In the website it says : "In the above function calls, we specified blind = FALSE, which means that differences between cell lines and treatment (the variables in the design) will not contribute to the expected variance-mean trend of the experiment", while on the R ?help states: blind logical, whether to blind the transformation to the experimental design. blind=TRUE should be used for comparing samples in a manner unbiased by prior information on samples, for example to perform sample QA (quality assurance).
In the RNA-seq workflow it mentions using svaseq to identify Removing hidden batch effects.

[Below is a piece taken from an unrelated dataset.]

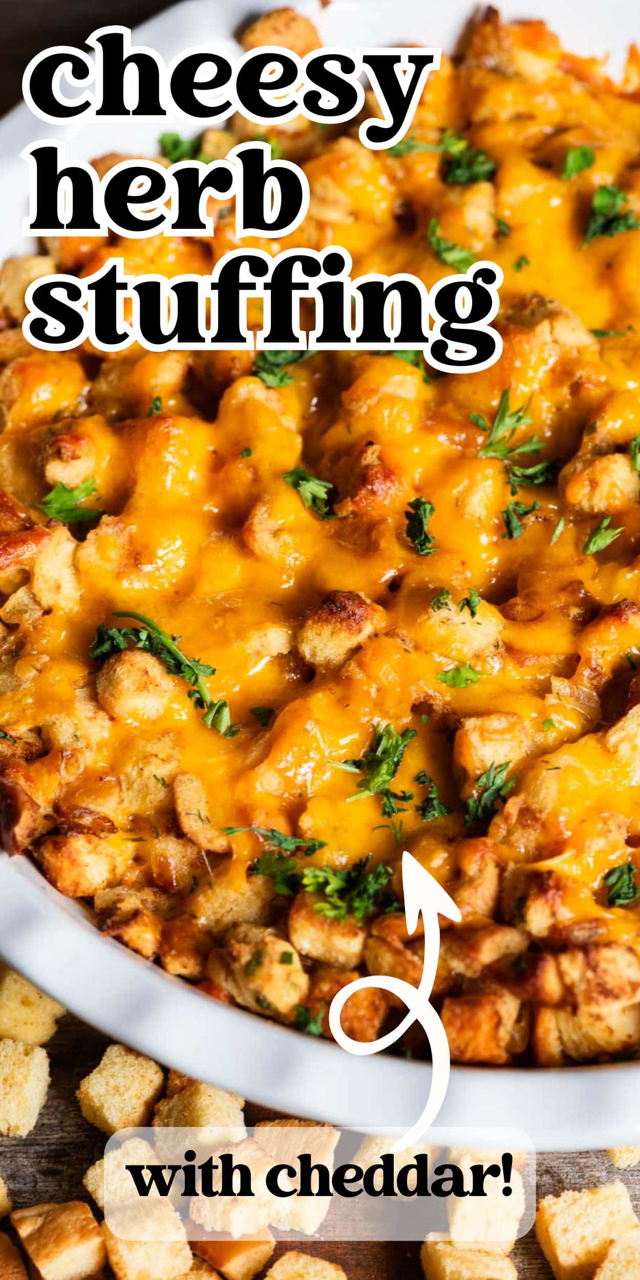 - Herbs and Seasonings: To switch things up from traditional stuffing flavors, I decided to use a mix of dill, chives, and fresh parsley since these herbs go so well with cheddar cheese. I used dried dill and chives, but fresh parsley. Feel free to use fresh dill and chives if you’d like. You can never go wrong with fresh herbs! If you use fresh herbs, use about a tablespoon of both fresh dill and chives to achieve the same flavor.

After the exploratory analysis, some samples showed ill-behavior, not clustering with its species, far away in the dendrogram/PCA (3D). After removing those, I did PCA and clustering, and the dataset looked better. I am undecided whether it is beneficial or recommended to check for hidden batch effects. For instance, after removing the weird samples, many microRNAs were removed due to all-zeros.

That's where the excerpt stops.